Yes, they were right, those views. A woman, to be dangerous, must appeal to both the body and brain of a man. If his feeling for Zara were only for the body then it was true that it was only lust.
But it was not true; and he thought of all his dreams of her at Wrayth, of the pictures he had drawn of their future life together, of the tenderness with which he had longed for this night.
And then his anger died down and was replaced by a passionate grief.
His dream lay in ruins, and there was nothing to look forward to but a blank, soulless life. It did not seem to him then, in the cold moonlight, that things could ever come right. He could not for his pride’s sake condescend to any further explanation with her. He would not stoop to defend himself; she must think what she chose, until she should of herself find out the truth.
And then his level mind turned and tried to see her point of view. He must not be unjust. And he realized that if she thought such base things of him she had been more or less right. But, even so, there was some mystery beyond all this—some cruel and oppressing dark shadow in her life.
And his thoughts went back to the night they had first met, and he remembered then that her eyes had been full of hate—resentment and hate—as though he, personally, had caused her some injury.
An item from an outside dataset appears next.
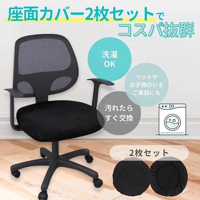 【2枚セット】 椅子カバー チェアカバー 座面カバー 洗える 伸縮素材 通気性 オフィスチェア ダイニングチェア 取り付け簡単 丸洗い可能 日本国内検品 (ブラック)
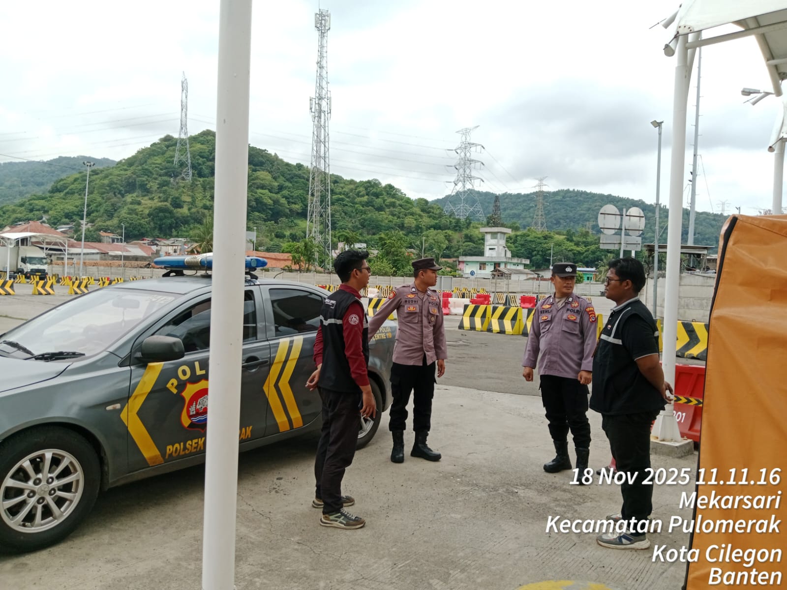 Cilegon - Personel Polsek Kskp Merak Polres Cilegon Polda Banten melaksanakan sambang dan patroli kawasan pelabuhan merak dalam rangka menjaga Harkamtibmas di Kawasan Pelabuhan Merak, Selasa (18/11/2025).

Francis Markrute was so very clever: what plan had he had in his head? By what scorpion whip had he perhaps forced her to consent to his wishes and become his—Tristram’s—wife? And once more the disturbing remembrance of Mimo returned, so that, when at last dawn came and he went back to the hotel, tired out in body and soul, it would not let him rest in his bed. His bed—in the next room his wife!
But one clear decision he had come to. He would treat her with cold courtesy, and they would play the game. To part now, in a dramatic manner, the next day after the wedding, was not in his sense of the fitness of things, was not what was suitable or seemly for the Tancred name.
And when he had left her Zara had stood quite still. Some not understood astonishment caused all her passion to die down. For all the pitifully cruel experiences of her life she was still very young—young and ignorant of any but the vilest of men. Hitherto she had felt when they were kind that it was for some gain, and if a woman relented a second she would be sure to be trapped. For her self-respect and her soul’s sake she must go armed at all points. And after her hurling at him all her scorn, instead of her husband turning round and perhaps beating her (as, certainly, Ladislaus would have done), he had answered with dignity and gone out of the room.
And she remembered her father’s cold mien. Perhaps there was something else in the English—some other finer quality which she did not yet understand.
The poor, beautiful creature was like some ill-treated animal ready to bite to defend itself at the sight of a man.